Everybody has heard it before. The question is asked, 'How do you eat an elephant?" By now everybody also knows the answer which is "one piece at a time'. In other words, even something that seems impossible becomes simple if we just tackle it one piece at a time.
When you decide that you need to begin prepping for an uncertain future it can also take on the feeling of facing that elephant. It can seem overwhelming and deciding where to start can be both confusing and scary because you want to be as prepped as possible but you KNOW you can't do it all at once. At that point, its time to realize that just like with the elephant, you will handle it one piece at a time.
Yes, there are websites galore, tons of good advice and new things to learn about every aspect of prepping. With unlimited financing and a lifetime to prepare It would be a cinch. The problem is that most of us have budgets, jobs, families and lives to live which interfere with devoting every dime and moment of time to prepping. It can become discouraging when we are faced with the NEED to do something but a mountain of "elephant" to chew.
My suggestion is to focus on one or two pieces at a time and depending on what it is either learn it, practice it, buy it or store it. I don't expect anyone to learn to grow, can, dehydrate, ferment, salt, smoke, pickle, forage, cook, bake, filter, purify and infuse all in one lesson! It takes time and practice to do anything well. It takes research to figure it out and practice to be able to actually do it. Nobody, myself included, does it all at once. I have spent years researching, learning and practicing.
Don't get me wrong.

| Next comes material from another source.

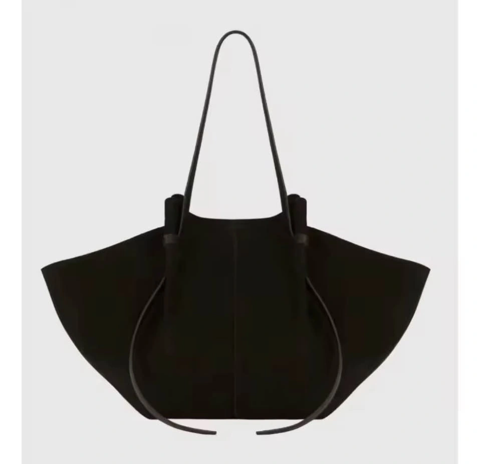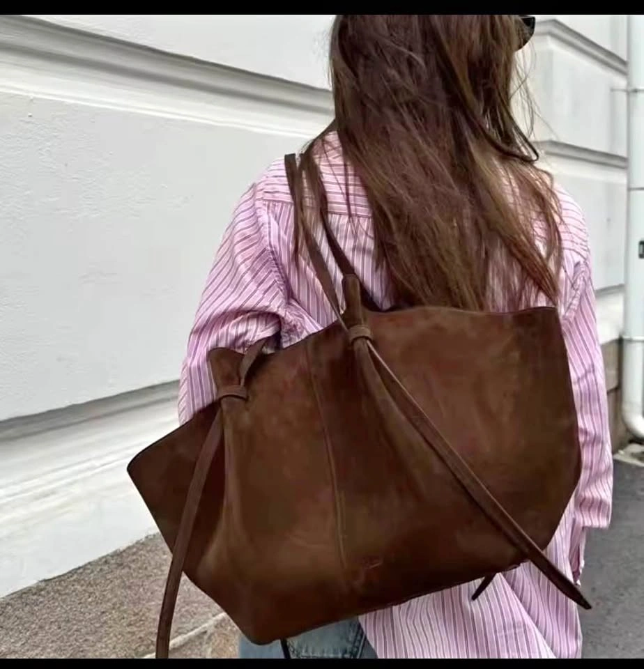 This is the perfect blend of style and practicality! This beautiful tote features a fashionable "wing" or flared design, giving it a designer look, and is made from a soft, sanded suede-style leather that feels premium. It is a true large-capacity bag, ideal for work, travel, or everyday use.

There is indeed one great big elephant in the room and it needs to be taken care of as efficiently and quickly as possible BUT don't become so overwhelmed that you also become paralyzed. Do it like every prepper before you has done, one bite at a time. Yes, I spent years learning and practicing and it may seem like you can't catch up but when I started it wasn't as easy to find the information. There wasn't a prepper community on the Internet to help or if there was, I wasn't aware of it. The books were fewer and the help was nonexistent. People didn't "get it" Or me when I was starting out in this lifestyle.
Thankfully, new preppers have all kinds of help and information available now. That doesn't mean that its easier to learn but it makes the researching quicker and support so much better. The actual work is still the same though and unfortunately the time to prepare, in my opinion, is shorter. No matter how you look at it, whether you started years ago or just last week that elephant still has to be tackled.
So, pick something you need to do and begin doing it. Pick something you need to store and begin storing it. Pick something you need to learn and begin learning it. When that something is done or in progress then move on to something else. Eventually, you will find that the elephant is smaller and smaller. Your prepping, whether it is supplies or skills will naturally be larger and larger. Before you know it you will have gotten rid of that elephant in the room. You will be more secure and more prepared. You may even be ready to open the door and let in a whole new animal that needs taking care of. Hopefully, if its a dragon you will be well prepared to slay it.